Business email compromise (“BEC”) is a frequent occurrence in the modern digital world. BEC is a type of cybercrime which typically involves criminals unlawfully accessing an e-mail account to deceive someone into sending money to the wrong person, or divulging some confidential information.[1] The perpetrator usually pretends to be a trusted figure (such as a lawyer or investment advisor or service provider), and then asks for payment or sensitive information. This scam usually involves the culprit sending what appears to be a legitimate e-mail; the e-mail will contain a request for payment with new payment details, or will request some sensitive urgent information. Once payment is made, or the information is divulged, the hacker will disappear – the inevitable outcome is a dispute between the victims with the real perpetrator getting away.
According to a recent study, 66% of small businesses across the globe have experienced a cyber-attack in the past year. In the United States, 20 000 BEC complaints were filed in 2021, and this number we expect has increased in 2022. Businesses and individuals should take significant precautions when making payments or responding to requests which involve the dissemination of confidential information.
In South Africa, there are several recent cases dealing with what has been called a “scourge”. When a BEC occurs, who carries the loss? The answer will depend on the facts in each case, but the jurisprudence developing suggests that where a corporate entity or law firm is making the payment, it must exercise “vigilance”, and ensure the payment is made to the correct party.
For example, recently in Gerber v PSG Wealth Financial Planning (Pty) Ltd (36447/2021) [2023] ZAGPJHC 270 (23 March 2023), the court found that even though the hacking took place on the plaintiff’s system (Gerber), PSG was found liable because the cause of the loss “was not the hacking, it was the failure [of PSG] to employ the necessary and contractually prescribed vigilance”. In summary, the perpetrator hacked Gerber’s e-mail and contacted PSG (pretending to be Gerber) with a request to liquidate a share portfolio and make payment into a newly opened FNB account. Payments were made by PSG to the fraudster, and once the parties become aware of the fraud, it was too late.
This case was decided on the basis of a breach of contract, where PSG was contractually obliged to “effectively employ the resources, procedures and appropriate technological systems that can reasonably be expected to eliminate” cyber-crime and BEC. Ultimately, PSG was ordered to carry the loss.
Similarly, in Hartog v Daly and Others (A5012/2022) [2023] ZAGPJHC 40 (24 January 2023), in a case involving an attorney paying R1,4 million Rand into the wrong account, a fraudster intercepted e-mail communication between the parties, and sent an e-mail to the attorney with instructions to pay the proceeds of a sale of property into – unbeknown to the attorney – the fraudster’s account. As with Gerber, the cause of action was founded on contract: a breach of mandate. Ultimately, the court found that the attorney failed to discharge his mandate by paying monies into an account different from which was actually nominated.

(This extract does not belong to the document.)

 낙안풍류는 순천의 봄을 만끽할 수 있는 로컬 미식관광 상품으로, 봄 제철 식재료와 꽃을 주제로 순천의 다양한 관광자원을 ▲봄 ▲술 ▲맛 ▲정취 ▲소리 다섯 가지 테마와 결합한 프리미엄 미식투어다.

In contrast, in Hawarden v Edward Nathan Sonnenbergs Inc [2023] 1 All SA 675 (GJ) (see a short note on that case here), the defendant was held liable in delict for negligently causing the plaintiff loss. In Hawarden, the plaintiff’s e-mail was hacked; the cybercriminal intercepted certain e-mails and manipulated PDF bank details to reflect the fraudster’s account – payment was made by the victim to the wrong account, but it was found that this loss was caused by the defendant.

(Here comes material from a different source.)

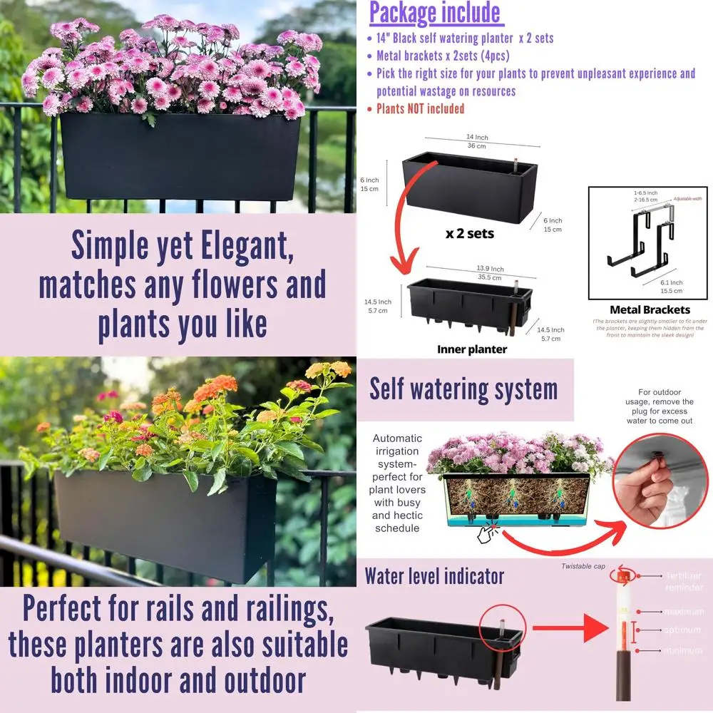 LaLaGreen Deck Railing Planters (14 Inch, 2 Pack) offer a clean, modern solution for adding greenery to balconies, decks, or windowsills. This set includes two black rectangular lower boxes with sturdy brackets designed for secure hanging on railings or mounting below windows. The included self-watering system helps maintain consistent moisture levels, reducing the need for frequent watering and supporting healthier plant growth.

What steps should businesses and individuals take to prevent BEC? The sophistication of the tools, and extent of the steps one uses will depend on the nature of the person or entity. Employ the resources, procedures and technological systems that are reasonable in the circumstances – and to state the obvious: take the precautions and steps required in terms of the contract between the parties.
Some basic tips:
- Be aware of BEC and offer training to staff – for example, be aware of common BEC attacks, and train staff to recognise the typical red flags.
- Have appropriate technological solutions in place such as multifactor authentication and secure e-mail.
- All commercial banks offer a service whereby bank account details can be verified. Use this and other appropriate tools such as secure portals.
- When a vendor or client provides new bank details, confirm this with the bank and with the client via telephone or in person.
- Review IT security and internal processes regularly.
- Pay careful attention to payment procedures.